Consider the following data.
(i) 2Al(s) + 6HCl(aq) → Al$$_2$$Cl$$_6$$(aq) + 3H$$_2$$(g) + 1200 kJ/mol
(ii) H$$_2$$(g) + Cl$$_2$$(g) → 2HCl(g) + 164 kJ/mol.
(iii) HCl(g) + aq → HCl(aq) + 83 kJ/mol.
(iv) Al$$_2$$Cl$$_6$$(s) + aq → Al$$_2$$Cl$$_6$$(aq) + 663 kJ/mol
The enthalpy of formation of anhydrous solid Al$$_2$$Cl$$_6$$ is :

To determine the standard enthalpy of formation $$\Delta_f H^\ominus$$ of anhydrous solid $$Al_2Cl_6$$, we first identify the target reaction:

$$2Al(s) + 3Cl_2(g) \rightarrow Al_2Cl_6(s)$$

Using Hess's law, we combine the given thermochemical equations appropriately to obtain the desired reaction.

The given equations are:

$$2Al(s) + 6HCl(aq) \rightarrow Al_2Cl_6(aq) + 3H_2(g), \qquad \Delta H = -1200 \text{ kJ mol}^{-1}$$

$$H_2(g) + Cl_2(g) \rightarrow 2HCl(g), \qquad \Delta H = -164 \text{ kJ mol}^{-1}$$

$$HCl(g) + aq \rightarrow HCl(aq), \qquad \Delta H = -83 \text{ kJ mol}^{-1}$$

$$Al_2Cl_6(s) + aq \rightarrow Al_2Cl_6(aq), \qquad \Delta H = -663 \text{ kJ mol}^{-1}$$

Equation (i) is used without modification.
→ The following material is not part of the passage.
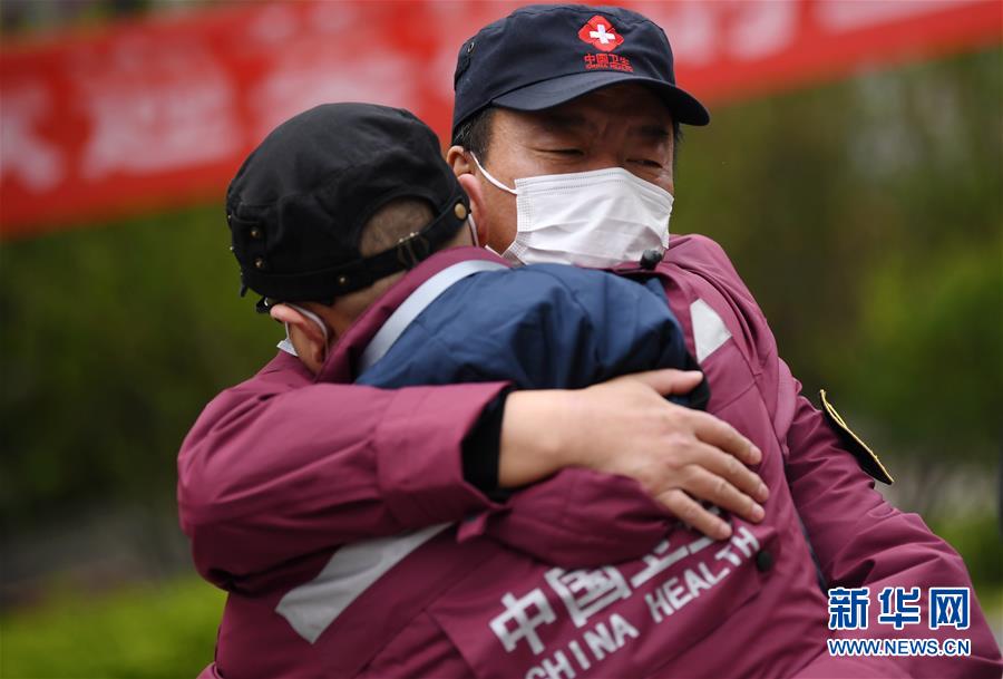 4月3日,陜西省第一批援鄂醫(yī)療隊隊長易智(右)和隊員擁抱作別。 當日,陜西省第一批援鄂醫(yī)療隊137名隊員在陜西省工人療養(yǎng)院結(jié)束了為期兩周的隔離休養(yǎng)。醫(yī)療隊員與“戰(zhàn)友”深情作別后,陸續(xù)踏上歸途。 新華社記者 李一博 攝

Equation (ii) is multiplied by $$3$$ to convert $$3$$ moles of $$H_2$$ into $$6$$ moles of $$HCl(g)$$:

$$3H_2(g) + 3Cl_2(g) \rightarrow 6HCl(g), \qquad \Delta H = 3(-164) = -492 \text{ kJ mol}^{-1}$$

Equation (iii) is multiplied by $$6$$ to convert gaseous hydrochloric acid into aqueous hydrochloric acid:

$$6HCl(g) + aq \rightarrow 6HCl(aq), \qquad \Delta H = 6(-83) = -498 \text{ kJ mol}^{-1}$$

Equation (iv) is reversed so that aqueous $$Al_2Cl_6$$ is converted into solid $$Al_2Cl_6$$:

$$Al_2Cl_6(aq) \rightarrow Al_2Cl_6(s) + aq, \qquad \Delta H = +663 \text{ kJ mol}^{-1}$$

On adding these modified equations, all intermediate species cancel, leaving the required overall reaction:

$$2Al(s) + 3Cl_2(g) \rightarrow Al_2Cl_6(s)$$

Therefore, the standard enthalpy of formation is

$$\Delta_f H^\ominus = (-1200) + (-492) + (-498) + 663$$

$$\Delta_f H^\ominus = -2190 + 663$$

$$\Delta_f H^\ominus = -1527 \text{ kJ mol}^{-1}$$

Hence, the standard enthalpy of formation of anhydrous solid $$Al_2Cl_6$$ is $$-1527 \text{ kJ mol}^{-1}$$.